Earth's President Luis Santiago is about to make a major policy address on Babylon 5. His security team arrives on the station to make preparations as a sudden explosion rocks one of the station's fighter bays. Garibaldi finds himself falsely accused of sabotage, and goes on the run from Presidential security - and his own past.
"Survivors" is a nice episode: it advances the overall narrative of the series, it showcases Michael Garibaldi and fills in quite a bit of his backstory. He's revealed as a recovering alcoholic for one thing. It's not the greatest portrayal of alcoholism committed to screen (that would be John Spencer's Leo McGarry in The West Wing), but it's not embarrassingly bad either. Part of what lets Garibaldi's arc down a little is Jerry Doyle's performance. He brings a lot of charisma to the role, but not a huge amount of talent. As far as I'm aware he doesn't act at all these days, and instead works as a talk radio host.

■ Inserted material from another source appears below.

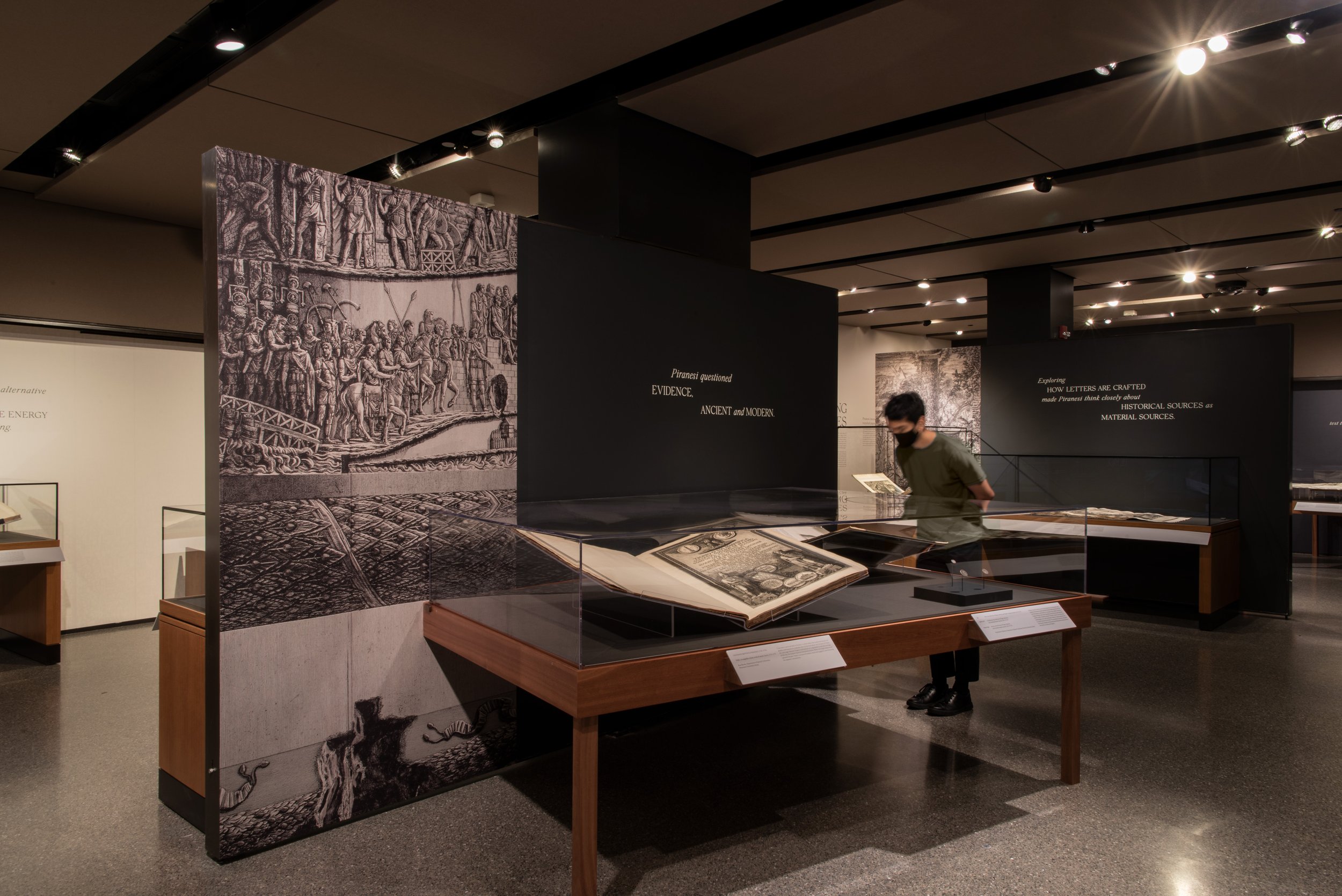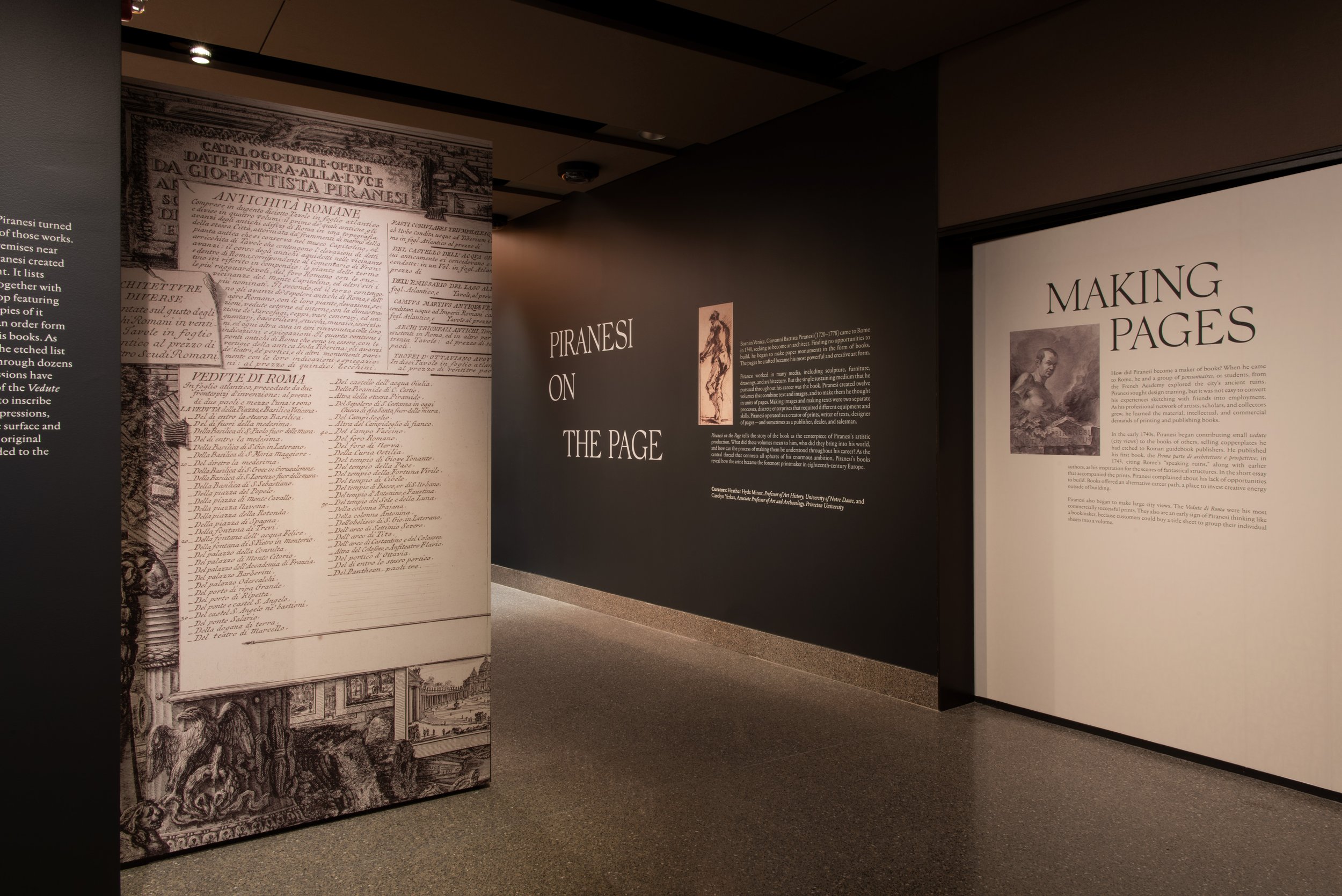 基于图书馆展览以18 世纪欧洲最重要的版画家乔瓦尼·巴蒂斯塔·皮拉内西设计的原著为主,Isometric工作室设计了衬线字体,具有历史感。针对展品,设计了精致的展示框架,现代化的排版模式便于访客获取信息,整套导视系统打造了沉浸式展览空间。

I was originally going to type "right-wing talk radio host", and then worried if I typed that it would seem like some kind of judgement. I'm a relatively left-wing guy myself, and if I identify Doyle as right-wing does that form some kind of judgement against him on my part? It doesn't, or at least I don't think it does. One thing I do appreciate from Doyle's post-acting role as political commentator is his coining of the phrase "grapefruit mentality": the idea that if the news media ran a story every night about a grapefruit, Americans would flock to see the grapefruit themselves and generally obsess over it. It's this mentality that explains why everybody seems to keenly follow news of crazy old people in Wisconsin finding the image of Jesus in their breakfast cereal, or think they need to know or have an opinion on celebrity divorces.
I've digressed. Where was I?
Elaine Thomas guest stars as Lianna Kemmer, a former acquaintance of Garibaldi's who still blames him for the death of her father. She's the weakest link in the episode, giving a very unconvincing, relatively flat performance. She's also the centre of a very big jump in logic: would someone competent enough to be head of security for a President be so bitter about the man she holds responsible for her father's death to leap to the conclusion that he's trying to murder her boss? It feels silly, and rather trite.

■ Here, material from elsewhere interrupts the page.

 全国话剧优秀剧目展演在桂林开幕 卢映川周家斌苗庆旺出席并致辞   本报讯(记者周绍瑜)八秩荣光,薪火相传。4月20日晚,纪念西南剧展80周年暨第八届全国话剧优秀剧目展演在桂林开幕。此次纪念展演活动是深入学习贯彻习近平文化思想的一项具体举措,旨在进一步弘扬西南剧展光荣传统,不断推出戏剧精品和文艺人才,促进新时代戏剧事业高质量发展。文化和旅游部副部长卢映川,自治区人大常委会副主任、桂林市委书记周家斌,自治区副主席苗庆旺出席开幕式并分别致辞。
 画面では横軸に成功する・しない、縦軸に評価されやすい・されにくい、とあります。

Thankfully once Garibaldi is on the run he gets to have two conversations in turn with Ambassadors Londo and G'Kar, the two shining lights of Babylon 5. Both scenes are insightful and well-scripted. I particularly liked one line of G'Kar's: "The universe
runs on the complex interweaving of three elements: energy, matter,
and enlightened self-interest." I don't think J. Michael Straczynski is an exceptional great writer, but he does knock a ball out of the park now and then, dialogue-wise. (This episode is credited to series story editor Marc Scott Zicree, but Straczynski has claimed online that this line was his.)
There's lots of nice detail: a low gravity environment on the station where everyone has to hold onto hand rails to avoid bouncing away, the body of a maintenance worker flailing away into deep space when caught in an explosion, that hilarious prayis mantis puppet who keeps cropping up from episode to episode, and so on. It's the small stuff that I think helped endear Babylon 5 to so many science fiction fans - they appreciate these kinds of embellishments.
The problem I've had when scoring a lot of Babylon 5 episodes is that so many of them fall right in the middle: not so bad that I'd actively recommend viewers avoid them, but in turn not good enough for me to feel wholly comfortable talking them up either. This is another one of the fence-sitters, but in this case I think the good outweighs the bad just enough for me to give it the thumbs up. So that makes four good episodes out of eleven. We're halfway through Babylon 5 Season 1, and it's scoring 36%.